On the other hand, the players are acting like spoiled brats as well. Rather than hiring as their union’s executive director somebody who actually has proved that he cares about the game, they hired a big-money lawyer whose idea of how to avoid a lost season isn’t to start negotiating months in advance, but instead to try to use his connections with Eric “The Pardoner” Holder and the rest of the Obama administration in order to get politicians to ride to the players’ rescue. The threat is to “decertify” the union and then ask Congress or the courts to eliminate the league’s super-valuable anti-trust exemption. But it is that very exemption that helps the league do all the things — revenue sharing, salary caps, joint marketing agreements, etc. — that keep the playing field level enough for every fan to have reason to hope his team can one day win a Super Bowl. The anti-trust exemption is what allowed the league to thrive and become pre-eminent. Eliminating the exemption would be like the players cutting off their own versions of Brett Favre’s favorite cell-phone-seduction-tool in order to spite their jock straps. (These guys bust their noses all the time and don’t mind spiting or rearranging their faces, but see how they like it when their league gets ruined enough that their groupies decide to throw themselves at golfers instead.) What’s needed here isn’t trial-lawyer brinksmanship — a testosterone-fest for paper-pushers — but steady, persistent reason and common sense.
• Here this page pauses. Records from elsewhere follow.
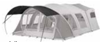
Pare-soleil Sun canopy Réf. PFCHAMONIPTPSOLE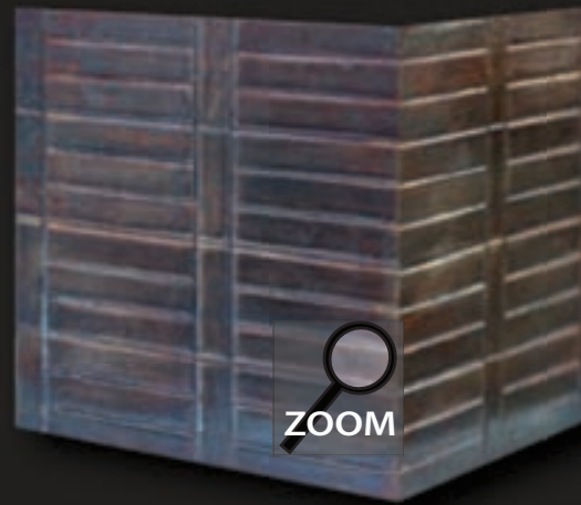
RO 2* struktura - *wykańczana płatkami mocno oksydowanego srebra, patyny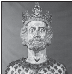
Karel de Grote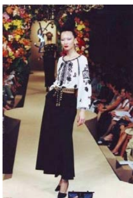
Рис. 1. Модель Ів Сен Лоран в етностилі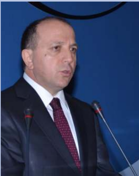
Fatih ACAR SGK Başkanı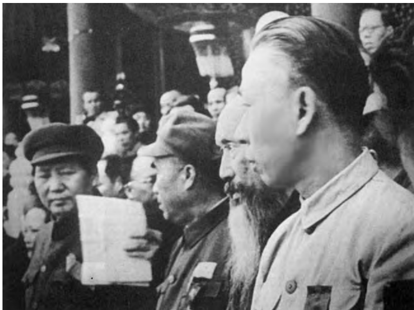
На трибуне Тяньаньмэнь в Пекине 1 октября 1949 г. Мао Цзэдун, Чжу Дэ, Чжан Лань, Лю Шаоци

за независимость, демократию, мир, единство и создание процветающего и сильного Китая». Рядом с Мао Цзэдуном стояли Чжу Дэ, Лю Шаоци, Чжоу Эньлай и другие руководители партии и нового государства, а также лидеры демократических партий, входивших в состав нового правительства Китая.

There is no reason, none on Earth, why the two sides can’t find a solution. There’s plenty of money to go around.
That said, the NFL right now really is great entertainment. The last five years have had superb season climaxes. First was the long-awaited triumph of pro’s pro Peyton Manning and nice-guy coach Tony Dungy. The next year featured the first Super Bowl featuring a team unbeaten after 18 games, the amazing possibility of back-to-back championships by quarterback brothers, the most amazing single catch (ball-to-helmet) in NFL history, and the greatest upset since Joe Willie prepared with “two beers and a broad.” The year after that featured another nail-biter, won by another all-world catch (Santonio Holmes dancing in-bounds in the end zone), in a game featuring two future Hall of Fame quarterbacks. Then came the Saints’ marching in after 43 years, first winning in overtime against a legend from a New Orleans exurb (Favre’s Kiln, Miss., is less than an hour from the French Quarter), then in the match-up against real local-boy Peyton, the son of the single most beloved player in the team’s first four decades. Finally, this year, another nail-biter, with the Lombardi-haunted Packers first dispatching the 80-year rival Bears before edging out the AFC’s single most storied franchise in a game not decided until the last minute.
This is the sort of sporting spectacle worth saving. It is why true fans should not just curse the greed on both sides of this labor dispute, but instead wish for constructive solutions — and even propose them. In Part Two, tomorrow, I’ll put forth my own ideas. But for now, in the spirit of Starrs fallen forward into frozen end-zones, let’s just say that the way to the winning score for both sides is just to push forward, knowing that the will of Lombardi insists the task is doable.